ZMB Member Barbara Saccà, Research
We are currently employing DNA origami technology for the construction of artificial DNA-based nanocontainers, which mimic the shape and function of natural compartmentalization systems. We aim at using such artificial DNA devices for selective loading/release of proteins and envisage potential applications in biosensing as well as cargo transport and delivery.
The complexity of natural macromolecular assemblies is normally achieved through a hierarchy paradigm, which mostly relies on step-wise interactions between shape-complementary subunits. One of our goals is to understand and reproduce this winning design principle to generate artificial systems with tailored properties.
Another important aspect of biological self-assembling systems, to which we are inspired, is the capability to change their shape in response to an external event.
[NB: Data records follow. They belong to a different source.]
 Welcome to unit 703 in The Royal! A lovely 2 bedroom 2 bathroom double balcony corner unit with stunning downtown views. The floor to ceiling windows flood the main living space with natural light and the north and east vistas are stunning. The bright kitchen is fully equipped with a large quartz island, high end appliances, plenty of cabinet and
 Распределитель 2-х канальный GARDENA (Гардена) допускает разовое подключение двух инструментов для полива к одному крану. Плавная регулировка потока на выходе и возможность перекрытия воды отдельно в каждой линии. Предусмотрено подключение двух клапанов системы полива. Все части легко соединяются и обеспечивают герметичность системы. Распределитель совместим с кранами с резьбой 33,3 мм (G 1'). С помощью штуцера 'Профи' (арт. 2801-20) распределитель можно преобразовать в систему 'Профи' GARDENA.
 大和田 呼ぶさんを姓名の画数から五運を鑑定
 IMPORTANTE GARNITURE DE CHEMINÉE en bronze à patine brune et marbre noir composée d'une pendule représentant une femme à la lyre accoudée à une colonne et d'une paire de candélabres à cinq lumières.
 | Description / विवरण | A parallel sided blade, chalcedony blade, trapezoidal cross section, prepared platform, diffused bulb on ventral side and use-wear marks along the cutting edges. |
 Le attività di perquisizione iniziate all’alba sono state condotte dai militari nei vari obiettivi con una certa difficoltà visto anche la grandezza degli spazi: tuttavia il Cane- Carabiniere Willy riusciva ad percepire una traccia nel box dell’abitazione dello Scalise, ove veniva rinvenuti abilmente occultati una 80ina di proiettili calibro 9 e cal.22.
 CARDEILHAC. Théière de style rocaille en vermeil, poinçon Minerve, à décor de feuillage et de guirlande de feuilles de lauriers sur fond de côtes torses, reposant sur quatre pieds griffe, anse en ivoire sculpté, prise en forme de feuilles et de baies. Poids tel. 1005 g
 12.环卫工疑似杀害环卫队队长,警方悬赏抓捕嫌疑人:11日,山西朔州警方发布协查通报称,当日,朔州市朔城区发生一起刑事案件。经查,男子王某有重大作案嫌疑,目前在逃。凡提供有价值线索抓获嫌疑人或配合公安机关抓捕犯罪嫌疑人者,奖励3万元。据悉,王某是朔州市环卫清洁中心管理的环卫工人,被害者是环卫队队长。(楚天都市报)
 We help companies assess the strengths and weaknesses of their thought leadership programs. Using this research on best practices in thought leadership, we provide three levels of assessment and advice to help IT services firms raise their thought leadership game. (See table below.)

Structural reconfiguration allows complex systems to perform different tasks depending on environmental conditions and therefore to switch on/off critical functions. Dynamic behavior is therefore a fundamental aspect of self-assembly. We use switchable DNA motifs and integrate them within static DNA nanostructures to achieve control of matter distribution both in space and time.
A spring-like DNA origami device
In this work, we used temperature-dependent FRET spectroscopy to extract the thermal stabilities of distinct sets of hairpins integrated into the central seam of a DNA origami structure. We developed a hybrid spring model to describe the energy landscape of the tethered hairpins, combining the thermodynamic nearest-neighbor energy of duplex DNA with the entropic free energy of single-stranded DNA estimated using a worm-like chain approximation. We show that the organized scaffolding of multiple hairpins enhances the thermal stability of the device and that the coordinated action of the tethered motors can be used to mechanically unfold a G-quadruplex motif bound into the inner cavity of the origami structure, thus surpassing the operational capabilities of freely diffusing motors.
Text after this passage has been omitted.